Во-вторых, в Сибири не существовало анклава, ругательно именуемого Швайнебург. Эту примечательную слободу населяли соотечественники Клааса. Переселенцы из бывшего Союза наводили на местных лёгкий страх и отвращение. Практически все «настоящие немцы» старались держаться от них подальше. Оно и понятно, в Швайнебурге пили не только по выходным, горланили азиатские песни, к тому же в неположенных местах и в неустановленное время. Швайнебуржцы плохо изъяснялись по-немецки, не знали меры ни в труде, ни в отдыхе, одним словом, Швайнебург представлял собой рассадник варварства, от этого предместья постоянно исходила угроза цивилизации, мультикультурной политкорректности и европейской интеграции.
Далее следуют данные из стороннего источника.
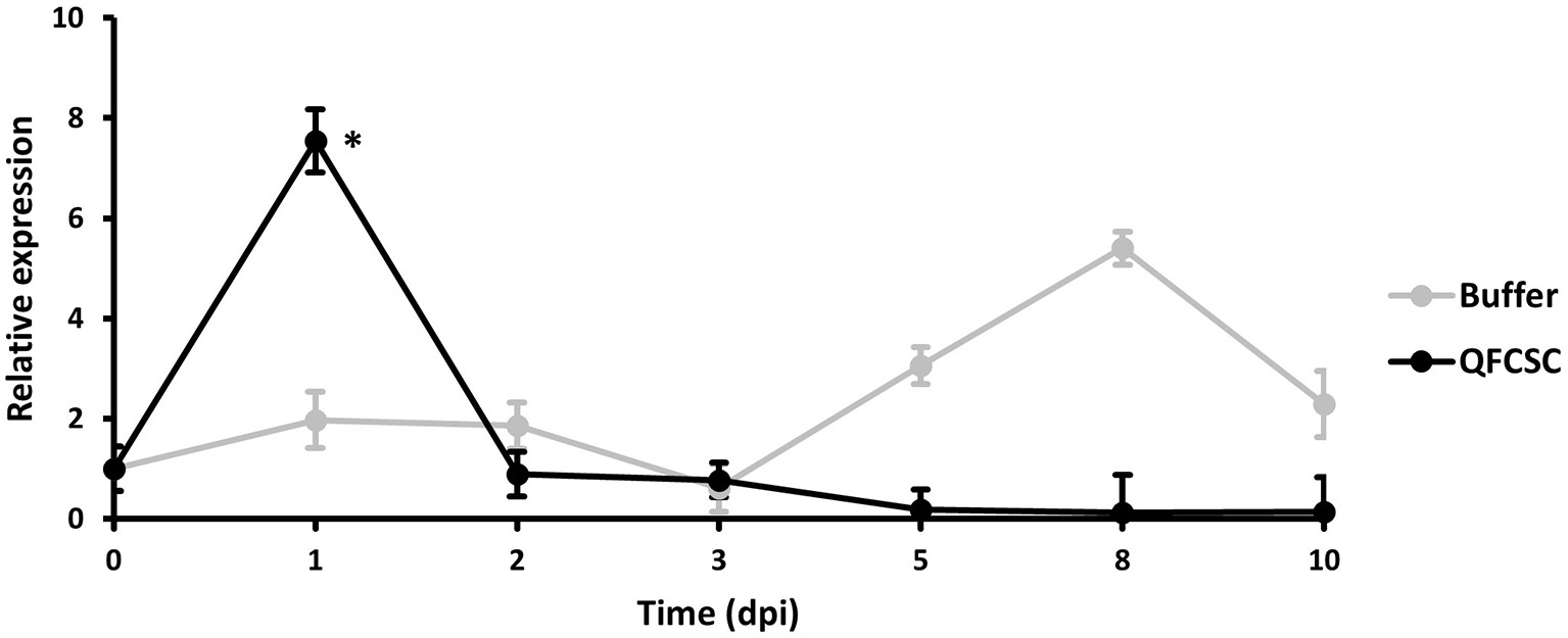 To further confirm the expression pattern of the TaMYC4 genes observed in the pilot study (data not shown), we conducted a time-course study in Alpowa, the genetic background of the NILs used in the wheat-Pt transcriptomics pilot study. Alpowa was inoculated with Pt race PBJJG and Pgt race QFCSC or buffer Soltrol 170 isoparaffin as a mock inoculated control. An RNA collection time course was set at 0-, 1-, 2-, 3-, 4-, 5-, 8-, and 10-days post-inoculation (dpi). The expression level of TaMYC4 was assayed via qRT-PCR using the BN4RT primers that measured all three homeologs of the TaMYC4 genes (Supplementary Table 1, Supplementary File 1). We did not observe any significant changes in the expression profile of TaMYC4 at any of the time points for the PBJJG-inoculated Alpowa (Supplementary Figure 2). When Alpowa was inoculated with the Pgt race QFCSC, the expression levels of TaMYC4 were similar in samples taken at 0 dpi between Pgt-inoculated Alpowa and the control. However, a significant increase in TaMYC4 transcript abundance was detected at 1 dpi in Pgt infected Alpowa compared to the control plants. The TaMYC4 expression level returned to an undetectable level at 2 dpi and stayed unchanged during the rest of the time points (Figure 1). The expression level of TaMYC4 in buffer inoculated Alpowa showed minor and insignificant changes along from 1 to 3 dpi but showed an increase from 5 to 8 dpi that then declined at 10 dpi. This increase was, however, statistically insignificant. A significantly higher expression of TaMYC4 occurred after rust infection and only in the susceptible host revealed in the pilot study. These observations encouraged us to investigate whether Pgt-induced TaMYC4 upregulation is beneficial to the pathogen during colonization of wheat.
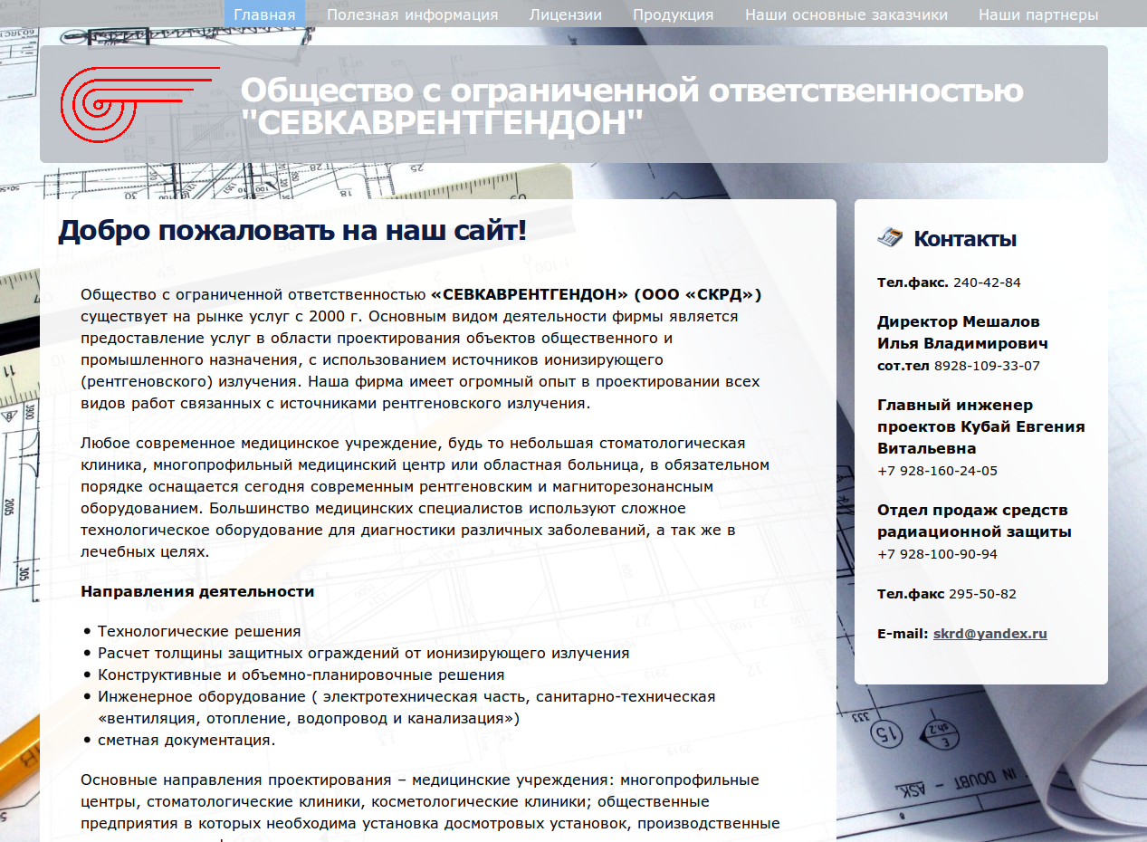 ООО "СКРД" существует на рынке услуг с 2000 г. Основным видом деятельности фирмы является предоставление услуг в области проектирования объектов общественного и промышленного назначения, с использованием источников ионизирующего (рентгеновского) излучения.

Клаасу хватило полутора месяцев пребывания в Федеративной республике, чтобы пристроить Хельмута к родственникам и удостовериться в его светлом будущем. Эдик покидал Германию с намерением завершить дела в России и вернуться в качестве «позднего переселенца». Застёгивая ремень безопасности в самолете, он ощущал полную и окончательную утрату родины. Родины больше не было. Ни исконной, ни исторической – никакой. В мире не осталось ни единого пятачка, где бы Клаас хотел пустить корни. Он завидовал своим далёким предкам, которые оставляли насиженные гнёзда без сожаления и устремлялись навстречу очередной родине с надеждой. Их надежды сбывались почти всегда и везде – в Пруссии, в России, в Америке – потому что они не ждали от земной родины ничего, кроме клочка земли и права жить своим уставом. Их истинная родина была на небесах. «Наше же жительство – на небесах, – любила цитировать Амалия Вольдемаровна, – откуда мы ожидаем и Спасителя, Господа нашего Иисуса Христа». Небо устрашало Эдика ещё больше чем земля. Своей пустынностью. Необитаемостью. Холодом. Он не ждал оттуда никого.
Привыкший доводить всё до конца, Клаас посчитал совершенно необходимым уяснить свой новый статус. Он обозначил его старорежимным русским словом – «инородец». Или: «летучий голландец» – тоже самое, только поэтичней. В конце концов, Клаас и был голландцем. Этническим.
После второго соприкосновения с Германией Эдик стал лучше понимать, почему Осиртовский не захотел жить на Западе. Однако, он по-прежнему относился к инфантильному патриотизму профессора с некоторой брюзгливостью. Осиртовский ни за что не согласился бы перекроить Россию под Запад, даже если бы к этому и открылась какая-нибудь возможность. Но и Запад был ему дорог именно таким, каков он есть, со всей своей мещанской мелочностью и декадентскими наростами. Осиртовскому требовалось постоянно пребывать в свойственном русским состоянии мученической любви к России исторической и тосковать при этом по России несбыточной. В отличие от студента-инородца, русский профессор не хотел, да и не мог расстаться с иллюзиями, посредством которых миллионы людей столетиями играют в азартную игру под названием «Отечество». Правда, картишки в этой колоде краплёные, а профессор так и норовил припрятать в рукав туза.
Коньком Осиртовского был спецкурс по русской философии, но Клаасу больше всего запомнились лекции о гносеологических теориях Юма и Канта. Он жадно впитывал всё, что помогло бы ему утвердиться в вере, либо окончательно от неё отказаться. Эдик устал от религиозных страхов и надежд, которые продолжали терзать его в глубине души, несмотря на богоборческие настроения.
– Если упростить всё до крайности, – вещал профессор, плавая по аудитории чёрной лебедью, – то процесс познания можно сравнить с появлением изображения на мониторе компьютера, подключённого к Интернету. Вы загружаете из мировой паутины некоторую картинку. Ну, какое изображение обычно загружает студент на практическом занятии по информатике? Разумеется, фотографию одной из тех серийных девиц, которых описывают неологизмом «сексапильный».